In realtà una via d’uscita ci sarebbe: e sarebbe quella di non spalmare la piccola riduzione del cuneo fiscale su tutta la popolazione ma di irrobustire la parte rivolta alla platea delle imprese, proprio per dare una spinta all’occupazione, e di concentrarla sulle fasce economicamente e socialmente più deboli. Che non sono più, ormai da tempo, i pensionati ma che sono invece i lavoratori e i cittadini più giovani. 
In un clima surreale in cui la preoccupazione principale di alcuni politici sembra quella di tutelare i più anziani, che, ma solo secondo loro, non saprebbero usare un bancomat o una carta prepagata, ci dimentichiamo che chi si batte ogni giorno per costruire presente e futuro, con prospettive di gran lunga peggiori rispetto a chi li ha preceduti. La vera sfida, non solo fiscale, è quella di creare un mercato del lavoro che sia accogliente e che possa valorizzare proprio le generazioni più giovani, preparate e produttive.

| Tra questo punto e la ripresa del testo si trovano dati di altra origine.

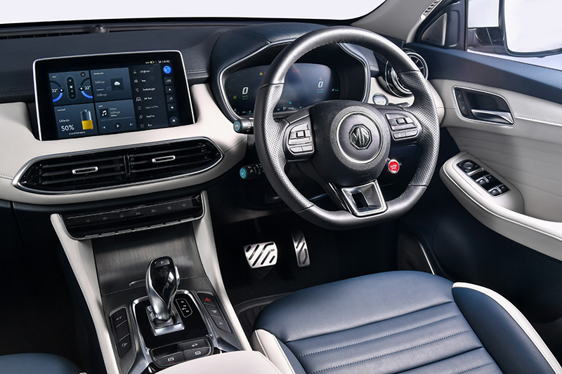 ภายในห้องโดยสารของ NEW MG HS และ NEW MG HS PHEV ตกแต่งด้วยสี 2-Tone Monaco Blue ใช้วัสดุบุนุ่มแบบ Soft Touch ให้ความรู้สึกหรูหราและพรีเมี่ยมในทุกรายละเอียด พร้อมฟังก์ชั่นที่ให้ทั้งความสะดวกสบายและคุณค่าระหว่างการขับขี่ที่ครบครัน

Cosa possono fare invece piccole mance distribuite a pioggia per fermare l’emorragia di migliaia di giovani, laureati e non, che ogni anno decidono di trasferire la propria residenza all’estero? La vera discontinuità che il nuovo governo dovrebbe cercare sta tutta qui: nell’avere una prospettiva di medio lungo periodo e non più, come troppo spesso accade, orientata alla prossima tornata elettorale. È una strategia che il paese non si può più permettere.